4. `ResourceManager`: Create a custom resource manager to prepare and free resources before and after target forward passes; see
the section on `ResourceManager` in `arch.md`. This is used by the n-gram method to manage its pool. The one model implementation also uses
`ResourceManager`s to manage hidden states.

5. `Sampler`: Each speculative decoding algorithm can optionally create its own sampler. This is mostly used by the one model implementation.
The default `TorchSampler` is used as a fallback if no custom sampler is provided. EAGLE 3 two model also has a simple custom decoder to handle
differences in the draft/target model vocab sizes.

6. `Worker`: This is exclusive to the one-model implementation. The `Worker` is the object that gets injected into the target model as a
submodule.

7. `Drafter`: All of the logic required to actually produce draft tokens should be implemented in a `Drafter` subclass. There is a single
abstract method, `prepare_draft_tokens`. It takes a set of requests (a `ScheduledRequests` object) and returns nothing. The [`PyExecutor`](https://github.com/NVIDIA/TensorRT-LLM/blob/main/tensorrt_llm/_torch/pyexecutor/py_executor.py#L162) expects
draft tokens to be attached to the `py_draft_tokens` field of request that speculation is to be done for.

## Two Model Speculative Decoding Architecture

Two-model based speculation implementations do not support overlap scheduler. It will be disabled automatically.
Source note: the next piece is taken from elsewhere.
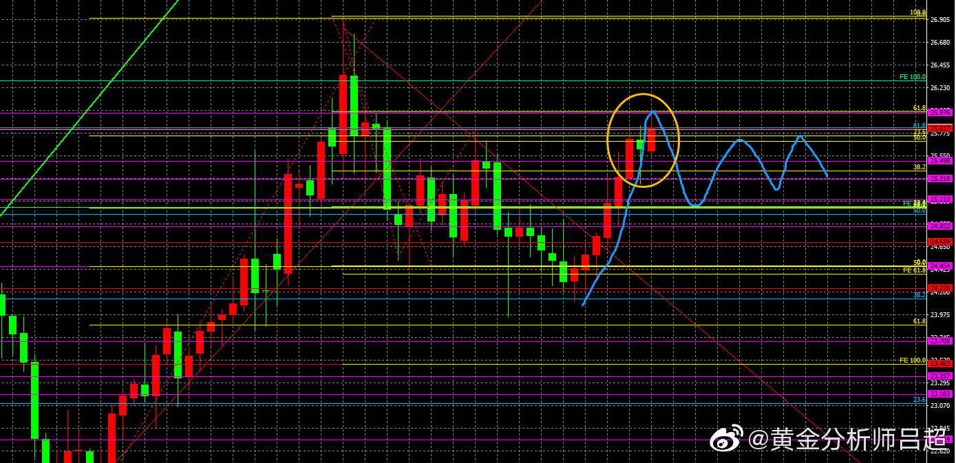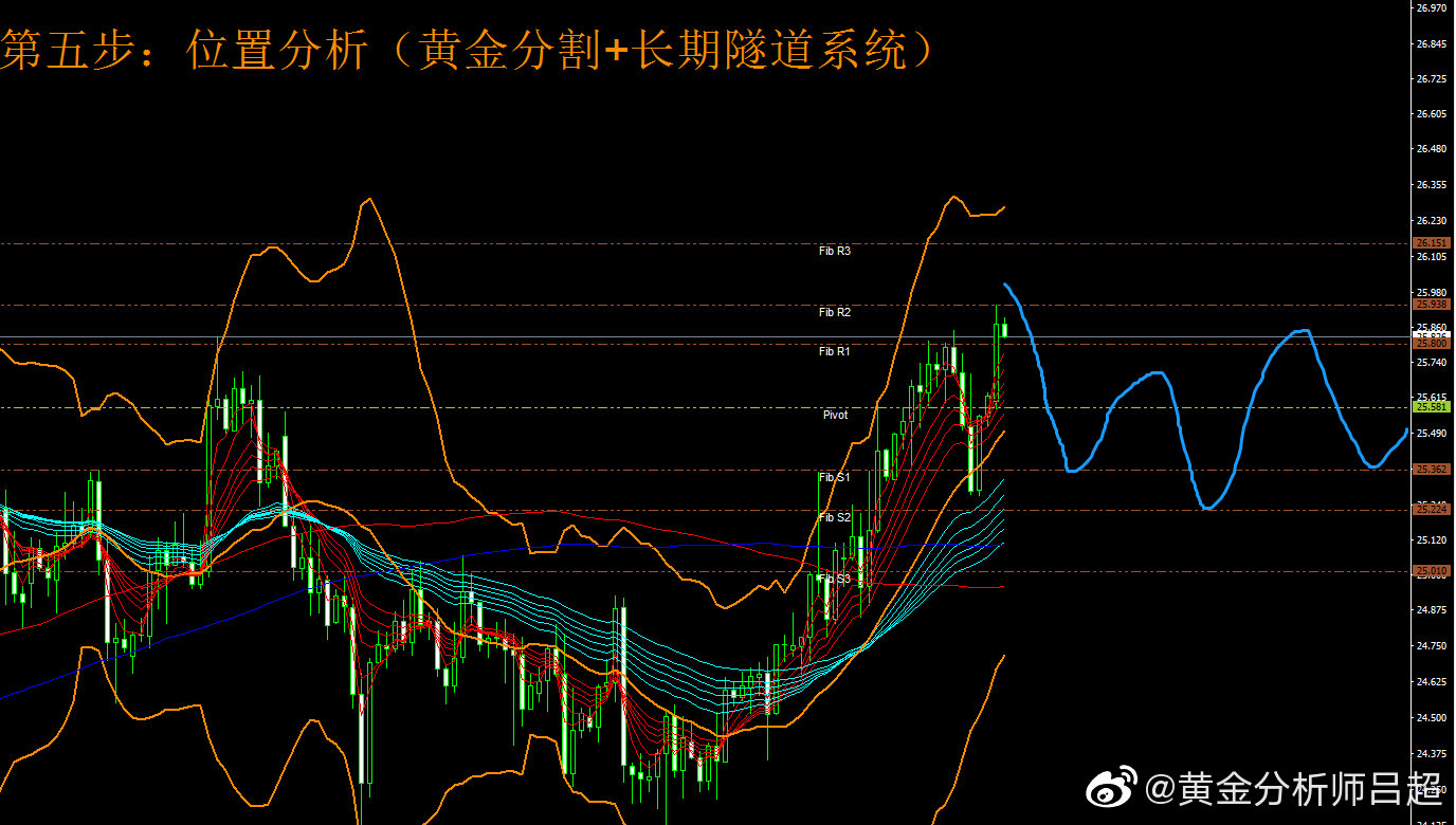 2、位置研判。黄金分割轴心点指标系统展示日内三大支撑分别为25.36-25.22-25.01,上方阻力为25.80-25.93-26.15.中轴25.58。今日银价探至了R2附近。我们注意到四小时布林轨道上轨开始走平,意味着调整需求。今日银价必然在R2-R3区间存在重大阻力,而下方则在S1S2区间有一定的支撑。

In this approach, there are two new steps to the `PyExecutor`'s `_executor_loop`.
* `_prepare_draft_requests`
* `_prepare_draft_tokens`

### `_prepare_draft_requests`

This stage occurs for all speculative decoding algorithms before scheduling. The purpose
of this stage is to make the KV cache and scheduler aware of the fact that speculative decoding
will occur. Draft tokens take up extra KV cache pages and count towards the executor's
`max_num_tokens` limit. Thus, we need a way to tell the scheduler that drafting will occur
**before we do the scheduling**.

To achieve this, we simply attach the maximum number of draft tokens to each request. The
scheduler and KV cache manager will automatically account for tokens attached to the
`py_draft_tokens` attribute.

```python
for req in self.active_requests:
    req.py_draft_tokens = [0] * max_draft_len
```

### `_prepare_draft_tokens`

This stage occurs after scheduling and KV cache allocation. The purpose of this stage
is to attach draft tokens to the `py_draft_tokens` attribute. This occurs by calling `self.drafter.prepare_draft_tokens`;
each speculative decoding algorithm should have a concrete instance of the `Drafter` class associated with it that defines
the drafting logic.

In addition to producing all "real" draft tokens, `_prepare_draft_tokens` currently must also pad
all `py_draft_tokens` to the maximum draft length. This is a CUDA graph limitation - the target
model captures its CUDA graphs using the maximum number of draft tokens on each request.

### Verification and Sampling

Once the draft tokens are obtained, the target model runs a forward pass through the usual flow.
Everything is the same, except that the logits for all the draft tokens are returned and passed
to the sampler.

Currently, only greedy sampling is supported for speculative decoding. A draft token is accepted if
matches the previously decoded token exactly. For example, suppose there is a generation request
`[t, d1, d2, d3]`, where `d1`, `d2`, and `d3` are drat tokens. Suppose the token after `t` is `d1`
(determined with the `argmax` of the logits). `d1` is then accepted. If the token after `d1` is `d2`,
then `d2` can be accepted. And so on until draft tokens cannot be accepted anymore.

### KV Cache Rewind

KV cache space allocated to rejected tokens is freed before the next iteration. This is achieved by setting
the `request.py_rewind_len` attribute to `num_draft_tokens_allocated - num_accepted_tokens`. The pages are
freed as part of the `resource_manager.free_resources` routine.

The purpose of KV cache rewind is to avoid complicated page reuse logic in the KV cache manager's `prepare_resources`
function. In practice, this is very cheap since the blocks are just marked as available; no memory is actually freed.